— YOUR INSTRUCTIONS —
In the data below, restate exactly the lines from the one with "Детская обувь для" to the final line, both included, but not the pictures.

##### DATA EXTRACT

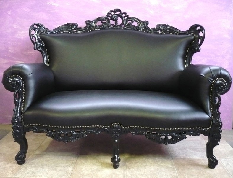 Canapé de style classique, avec structure en bois laqué noir, avec des sculptures artisanales. Revêtement en cuir.
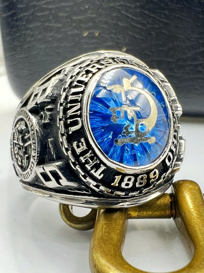 Nhẫn hợp kim đại học Idaho năm 1979 hoa văn sắc nét đá xanh tia khảm logo rất đẹp, size 19
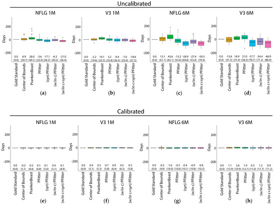 Prediction errors of the Center of Bounds, PrankenBeast, Poisson Fitter, and modified Poisson Fitter estimators of infection time before (a–d) and after (e–h) calibration for mutation rate after fitting a linear model with terms for log10 plasma viral load (lPVL), the interaction of the estimator with lPVL, the last negative date, the interaction of the estimator with the last negative date and an intercept. Predictions were made on held out data in a leave-on-out cross-validation scheme (see Methods). The sequences used for prediction were: (a), (e): RV217 (NFLG) 1-2 months; (b), (f): CAPRISA 002 (V3) 1-2 months; (c), (g): RV217 ~6 months; (d), (h): CAPRISA 002 ~6 months. The median difference between the predicted and gold-standard values is shown as the center line of each box; the solid box boundaries illustrate the 25th and 75th percentiles (interquartile range, IQR). The leftmost entry (“Gold standard”) depicts the (zero) “prediction” error if the true days since infection values are known. Values depicted in parentheses indicate the root mean squared error, which is an estimate of the standard error when the fitted predictor is applied to future samples, and the bias is shown above these. The whiskers extend to the most extreme data point within 1.5 times the IQR from the box boundaries; points outside of this range are plotted as outlier points. NFLG, near full-length genome.
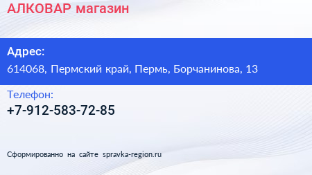АЛКОВАР, магазин по адресу 614068, Пермский край, Пермь, Борчанинова, 13 в дальнейшем Организация, размещена в следующих категориях:
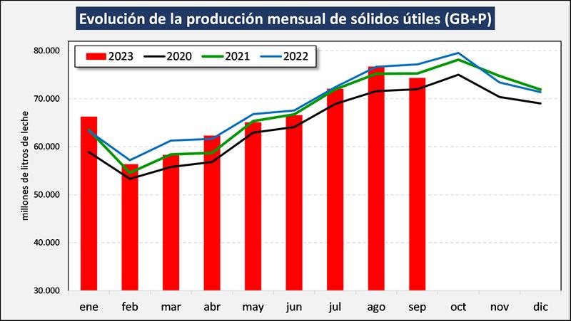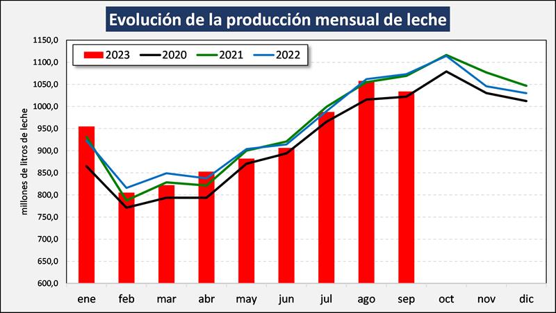 Normalmente la producción en el mes de septiembre crece entre 3 y 4% respecto a agosto (en promedio diario), este año ha tenido un crecimiento inferior, producto de la seca generalizada y prolongada que sufrieron en diferente medida todas las regiones productivas y que redujeron la disponibilidad de pasturas, verdeos y reservas forrajeras y que persiste aún en muchas zonas.
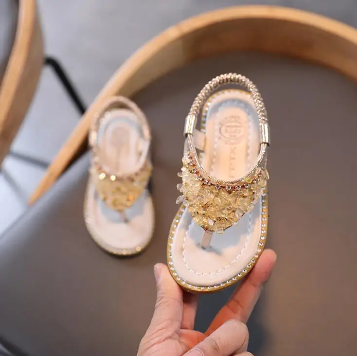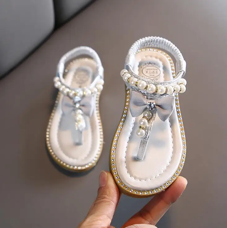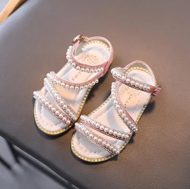 Детская обувь для девочек; Новые летние сандалии; Детские пляжные сандалии на танкетке, украшенные жемчужинами и бусинами; Enfants; Школьная обувь на плоской подошве для малышей; Европейские размеры 21-30
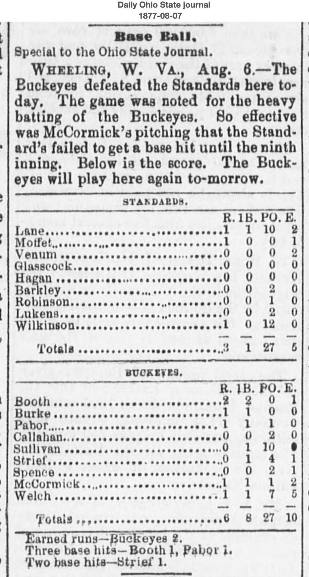 August 6, 1877 at WheelingStandard 3, Buckeyes 6GameID g08061877-03
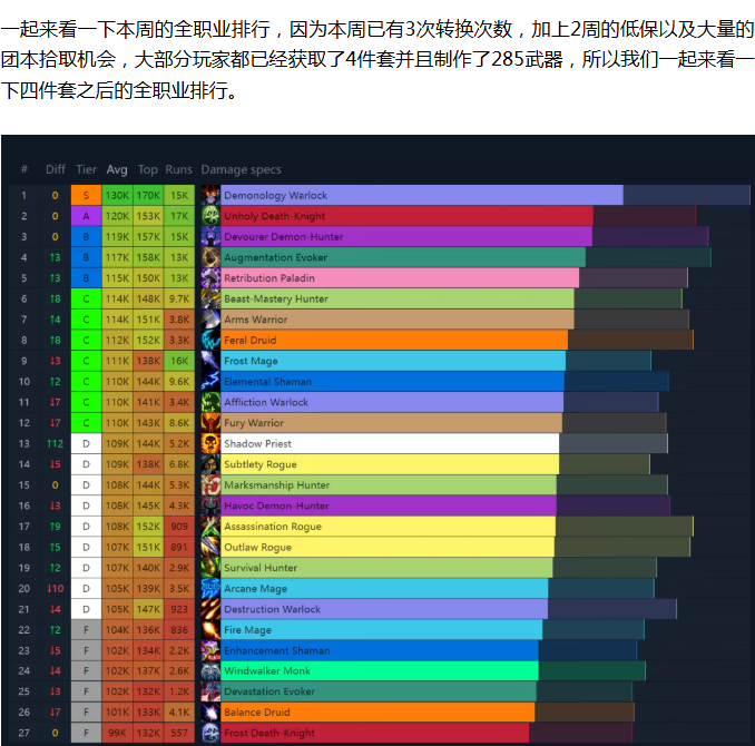 【魔兽世界】12.0 四件套后全职业DPS排行!一个冷门职业彻底翻身做主人了
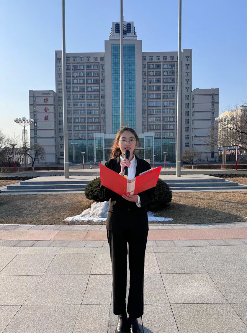 接下来,数学科学学院2023级杨泽鑫、张佳宏、程嘉仪、李思烨同学带来诗朗诵,表达出作为新时代青年应永远铭记先辈历史,永远传承革命精神。2023级学生代表黄雨欣同学进行国旗下的发言,黄雨欣同学表示青年是中华民族的希望和未来,肩负着民族振兴国家富强的重任,要像英烈们一样去奋斗、去搏击,不断拓宽属于我们新时代青年的人间正道。

##########

— YOUR RESPONSE —
 Детская обувь для девочек; Новые летние сандалии; Детские пляжные сандалии на танкетке, украшенные жемчужинами и бусинами; Enfants; Школьная обувь на плоской подошве для малышей; Европейские размеры 21-30
 August 6, 1877 at WheelingStandard 3, Buckeyes 6GameID g08061877-03
 【魔兽世界】12.0 四件套后全职业DPS排行!一个冷门职业彻底翻身做主人了
 接下来,数学科学学院2023级杨泽鑫、张佳宏、程嘉仪、李思烨同学带来诗朗诵,表达出作为新时代青年应永远铭记先辈历史,永远传承革命精神。2023级学生代表黄雨欣同学进行国旗下的发言,黄雨欣同学表示青年是中华民族的希望和未来,肩负着民族振兴国家富强的重任,要像英烈们一样去奋斗、去搏击,不断拓宽属于我们新时代青年的人间正道。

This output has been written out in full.